Ему позарез это нужно. А кроме того, он хочет отобрать нашу землю.

– Но, сынок, по этой закладной у нас еще есть в запасе четыре года.

Папа коротко рассмеялся.

– Мама, ты хочешь, чтобы я заявил это суду?

Ба вздохнула и положила свою руку на папину.

– А если Хэммер не достанет денег?

– Не беспокойся, мама. Мы не собираемся терять эту землю. Можешь поверить мне.

В третье воскресенье августа начался ежегодный праздник возрождения. К этому празднику относились очень серьезно, но это не мешало ему быть веселым; готовились к нему загодя, доставали с дальних полок горшки и сковородки, платье, переложенное шариками нафталина, помятые брюки из старых сундуков; люди съезжались со всей общины и из соседних общин, расположенных вдоль извилистой красной школьной дороги до самой церкви в Грэйт Фейс. Праздники продолжались семь дней, и все их ждали с нетерпением, потому что предполагались не только церковные службы, – это было единственное в году запланированное общественное событие, вносившее разнообразие в будничную скуку сельской жизни. Подростки открыто занимались ухаживанием, взрослые встречались с родственниками и друзьями, которых не видели с прошлогодней "большой встречи", а дети просто бегали на свободе.

На мой взгляд, лучшая часть праздника приходилась на первый день. После окончания первой из трех служб вся людская масса, теснившаяся в душной маленькой церкви, наконец выливалась на школьный двор, и женщины с гордостью выставляли свое угощение прямо в фургонах или на длинных столах, установленных вокруг церкви.

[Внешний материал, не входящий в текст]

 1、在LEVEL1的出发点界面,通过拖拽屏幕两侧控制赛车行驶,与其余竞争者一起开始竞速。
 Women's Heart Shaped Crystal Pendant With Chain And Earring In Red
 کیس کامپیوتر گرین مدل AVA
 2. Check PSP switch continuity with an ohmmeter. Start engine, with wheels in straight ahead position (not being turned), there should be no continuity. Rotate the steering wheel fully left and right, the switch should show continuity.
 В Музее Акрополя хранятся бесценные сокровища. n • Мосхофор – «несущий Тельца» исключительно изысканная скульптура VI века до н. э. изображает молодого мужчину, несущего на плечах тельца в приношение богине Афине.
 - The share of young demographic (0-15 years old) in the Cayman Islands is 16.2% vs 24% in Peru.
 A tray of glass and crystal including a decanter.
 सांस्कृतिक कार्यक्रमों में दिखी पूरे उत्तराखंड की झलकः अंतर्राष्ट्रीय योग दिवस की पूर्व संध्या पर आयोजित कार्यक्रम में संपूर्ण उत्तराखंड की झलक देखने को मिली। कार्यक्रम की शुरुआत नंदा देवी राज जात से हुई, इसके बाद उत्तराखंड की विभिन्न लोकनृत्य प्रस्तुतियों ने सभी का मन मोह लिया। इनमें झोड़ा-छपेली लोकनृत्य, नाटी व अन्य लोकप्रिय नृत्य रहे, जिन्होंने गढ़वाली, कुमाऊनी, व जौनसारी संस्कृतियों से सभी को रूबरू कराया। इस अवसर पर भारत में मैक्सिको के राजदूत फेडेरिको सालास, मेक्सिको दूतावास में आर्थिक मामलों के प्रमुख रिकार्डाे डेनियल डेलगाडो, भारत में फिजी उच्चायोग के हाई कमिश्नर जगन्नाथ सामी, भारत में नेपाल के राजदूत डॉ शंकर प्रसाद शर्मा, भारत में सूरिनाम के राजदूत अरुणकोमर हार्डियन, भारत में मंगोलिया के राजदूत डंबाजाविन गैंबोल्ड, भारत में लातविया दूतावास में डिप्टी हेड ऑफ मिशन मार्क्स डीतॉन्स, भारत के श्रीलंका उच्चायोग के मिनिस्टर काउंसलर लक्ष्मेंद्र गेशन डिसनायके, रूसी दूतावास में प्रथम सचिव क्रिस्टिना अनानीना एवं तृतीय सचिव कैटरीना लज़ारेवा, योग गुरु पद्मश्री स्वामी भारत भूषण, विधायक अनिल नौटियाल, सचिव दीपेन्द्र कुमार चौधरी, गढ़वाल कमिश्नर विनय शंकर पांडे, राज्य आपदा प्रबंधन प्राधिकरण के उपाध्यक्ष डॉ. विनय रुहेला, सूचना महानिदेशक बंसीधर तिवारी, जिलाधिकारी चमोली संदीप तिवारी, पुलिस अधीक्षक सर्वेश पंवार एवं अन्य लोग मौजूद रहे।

И начинался незабываемый пир.

Полные миски с ботвой молодой репы, черноглазые бобы с ветчиной, толстые ломти розового сала, жареные ребрышки, хрустящие подрумяненные цыплята и ломтики нежной бельчатины и крольчатины, слоеное печенье на пахте и маисовый хлеб с корочкой, большие куски пирога со сладким картофелем, сливочный кекс и прочее, и тому подобное, чего только душе угодно; даже если съестные запасы были истощены, все равно каждая семья находила, что выставить, и, когда прихожане переходили от стола к столу, трудности и заботы забывались хотя бы на этот день.

Мальчики и я только успели наполнить по первому разу свои тарелки и расположиться под старым деревом грецкого ореха, как Стейси вдруг поставил свою тарелку и поднялся.

– Что такое? – спросила я, набивая рот маисовым хлебом.

Стейси зажмурился от солнца.

– Посмотрите, вон человек на дороге.

Я улучила момент, чтобы взглянуть, не выпуская куриной ножки из рук.

– Ну и что?

– Он похож… дядя Хэммер! – закричал Стейси и бросился бежать.